Hi All,
I am relatively new to R and having a great experience with it but have come up with a little road block.
I am tying to run a maxlik regression and keep getting the error,
NA in the initial gradient
My Code is below:
gbmploglik<-function(param){
mu<-param[1]
sigma<-param[2]
lamda<-param[3]
nu<-param[4]
gama<-param[5]
logLikVal<- - n*lamda - .5*n*log(2*pi) + sum(log(sum(for(j in 1:10)(cat((lamda^j/factorial(j))*(1/((sigma^2+j*gama^2)^.5)*exp( - (combinedlrph1-mu-j*nu)^2/2*(sigma^2+j*gama^2))))))))
logLikVal
}
rescbj<- maxLik(gbmploglik, grad = NULL, hess = NULL, start=c(1,1,1,1,1), method = "Newton-Raphson")
I was wondering if there is something that I have to do with the grad= and maybe put something other then NULL. The other issue is that there might be something wrong with the loglikelihood function, because of the loop that I put in it.

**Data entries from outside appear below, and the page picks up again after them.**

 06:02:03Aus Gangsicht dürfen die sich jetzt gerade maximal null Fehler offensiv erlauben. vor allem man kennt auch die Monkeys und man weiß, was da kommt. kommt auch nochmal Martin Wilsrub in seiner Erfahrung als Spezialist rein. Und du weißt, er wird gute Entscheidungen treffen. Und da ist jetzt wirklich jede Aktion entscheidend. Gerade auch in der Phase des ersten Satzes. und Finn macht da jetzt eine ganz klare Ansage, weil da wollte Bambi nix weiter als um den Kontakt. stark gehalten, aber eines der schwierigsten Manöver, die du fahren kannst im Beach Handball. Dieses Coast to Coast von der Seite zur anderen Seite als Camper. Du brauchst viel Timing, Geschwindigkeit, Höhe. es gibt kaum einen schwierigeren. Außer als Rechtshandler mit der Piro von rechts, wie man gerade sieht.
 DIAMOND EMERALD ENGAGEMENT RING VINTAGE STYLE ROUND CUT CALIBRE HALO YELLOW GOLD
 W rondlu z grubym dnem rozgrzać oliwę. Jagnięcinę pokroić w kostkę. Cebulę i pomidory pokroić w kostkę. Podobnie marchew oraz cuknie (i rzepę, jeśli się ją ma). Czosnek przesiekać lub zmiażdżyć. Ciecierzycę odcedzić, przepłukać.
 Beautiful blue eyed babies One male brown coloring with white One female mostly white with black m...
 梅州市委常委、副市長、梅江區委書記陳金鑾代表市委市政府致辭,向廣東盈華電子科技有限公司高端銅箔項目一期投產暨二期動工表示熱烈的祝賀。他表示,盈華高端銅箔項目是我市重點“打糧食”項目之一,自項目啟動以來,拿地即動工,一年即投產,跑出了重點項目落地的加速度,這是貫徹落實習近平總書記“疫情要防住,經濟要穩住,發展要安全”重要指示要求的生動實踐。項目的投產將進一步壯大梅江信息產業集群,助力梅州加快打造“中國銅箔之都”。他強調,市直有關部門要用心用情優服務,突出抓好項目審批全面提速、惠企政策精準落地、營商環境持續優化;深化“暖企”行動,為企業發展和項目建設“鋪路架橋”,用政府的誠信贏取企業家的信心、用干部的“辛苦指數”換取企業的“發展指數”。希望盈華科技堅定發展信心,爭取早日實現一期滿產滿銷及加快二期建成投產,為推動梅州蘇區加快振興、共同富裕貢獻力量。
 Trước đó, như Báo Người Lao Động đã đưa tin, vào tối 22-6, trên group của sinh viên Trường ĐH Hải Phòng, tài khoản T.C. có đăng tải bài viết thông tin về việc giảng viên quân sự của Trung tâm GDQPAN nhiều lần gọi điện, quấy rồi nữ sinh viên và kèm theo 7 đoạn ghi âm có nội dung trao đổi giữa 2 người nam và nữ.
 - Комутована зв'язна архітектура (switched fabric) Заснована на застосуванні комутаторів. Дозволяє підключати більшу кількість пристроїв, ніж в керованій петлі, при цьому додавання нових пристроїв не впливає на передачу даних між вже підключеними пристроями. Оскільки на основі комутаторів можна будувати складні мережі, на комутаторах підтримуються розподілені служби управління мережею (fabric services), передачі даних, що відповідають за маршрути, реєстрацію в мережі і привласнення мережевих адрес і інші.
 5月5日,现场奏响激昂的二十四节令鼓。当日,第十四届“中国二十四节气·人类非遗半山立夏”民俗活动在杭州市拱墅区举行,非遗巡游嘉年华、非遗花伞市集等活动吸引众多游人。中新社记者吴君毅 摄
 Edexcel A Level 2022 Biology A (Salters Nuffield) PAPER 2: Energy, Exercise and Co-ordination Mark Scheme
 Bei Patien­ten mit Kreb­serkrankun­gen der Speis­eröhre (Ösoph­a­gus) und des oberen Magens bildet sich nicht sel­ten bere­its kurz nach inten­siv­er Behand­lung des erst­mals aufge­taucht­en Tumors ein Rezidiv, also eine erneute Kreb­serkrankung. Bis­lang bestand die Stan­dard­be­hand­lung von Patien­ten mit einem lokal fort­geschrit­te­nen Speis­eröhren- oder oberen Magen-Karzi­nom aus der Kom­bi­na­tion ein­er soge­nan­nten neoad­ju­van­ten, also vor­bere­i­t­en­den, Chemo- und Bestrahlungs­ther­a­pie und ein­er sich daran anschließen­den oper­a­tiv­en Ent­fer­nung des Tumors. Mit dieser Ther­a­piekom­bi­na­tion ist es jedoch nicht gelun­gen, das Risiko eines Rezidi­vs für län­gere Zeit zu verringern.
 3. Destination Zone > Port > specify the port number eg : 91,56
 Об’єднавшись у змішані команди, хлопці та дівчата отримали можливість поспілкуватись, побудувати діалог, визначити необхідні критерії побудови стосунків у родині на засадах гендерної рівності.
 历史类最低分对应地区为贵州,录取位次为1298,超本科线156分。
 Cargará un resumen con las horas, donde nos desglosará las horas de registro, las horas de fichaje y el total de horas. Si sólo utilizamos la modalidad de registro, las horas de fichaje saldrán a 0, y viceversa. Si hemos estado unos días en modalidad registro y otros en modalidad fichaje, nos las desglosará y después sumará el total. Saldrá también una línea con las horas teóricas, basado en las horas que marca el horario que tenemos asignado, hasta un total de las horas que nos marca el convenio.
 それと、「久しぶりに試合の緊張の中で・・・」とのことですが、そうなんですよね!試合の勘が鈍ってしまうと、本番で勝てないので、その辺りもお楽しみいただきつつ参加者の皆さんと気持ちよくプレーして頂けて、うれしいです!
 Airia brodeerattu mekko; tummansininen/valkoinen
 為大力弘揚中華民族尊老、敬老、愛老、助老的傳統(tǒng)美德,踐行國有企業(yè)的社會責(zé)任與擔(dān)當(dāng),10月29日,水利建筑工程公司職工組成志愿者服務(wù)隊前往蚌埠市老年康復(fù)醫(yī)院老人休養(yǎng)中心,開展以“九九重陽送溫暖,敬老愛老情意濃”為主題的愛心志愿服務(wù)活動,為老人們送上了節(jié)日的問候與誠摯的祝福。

If you have any suggestion or see something incorrect that I am doing please let me know.
Thanks
JP
Quick Question - MLE for Geometric Brownian Motion Process with Jumps
2 messages · John-Paul Taylor, Dieter Menne
John-Paul Taylor <johnpaul.taylor <at> ryerson.ca> writes:
I am tying to run a maxlik regression and keep getting the error,
NA in the initial gradient
My Code is below:
gbmploglik<-function(param){
mu<-param[1]
sigma<-param[2]
lamda<-param[3]
nu<-param[4]
gama<-param[5]
logLikVal<- - n*lamda - .5*n*log(2*pi) + sum(log(sum(for(j in
1:10)(cat((lamda^j/factorial(j))*(1/((sigma^2+j*gama^2)^.5)*exp( -
(combinedlrph1-mu-j*nu)^2/2*(sigma^2+j*gama^2))))))))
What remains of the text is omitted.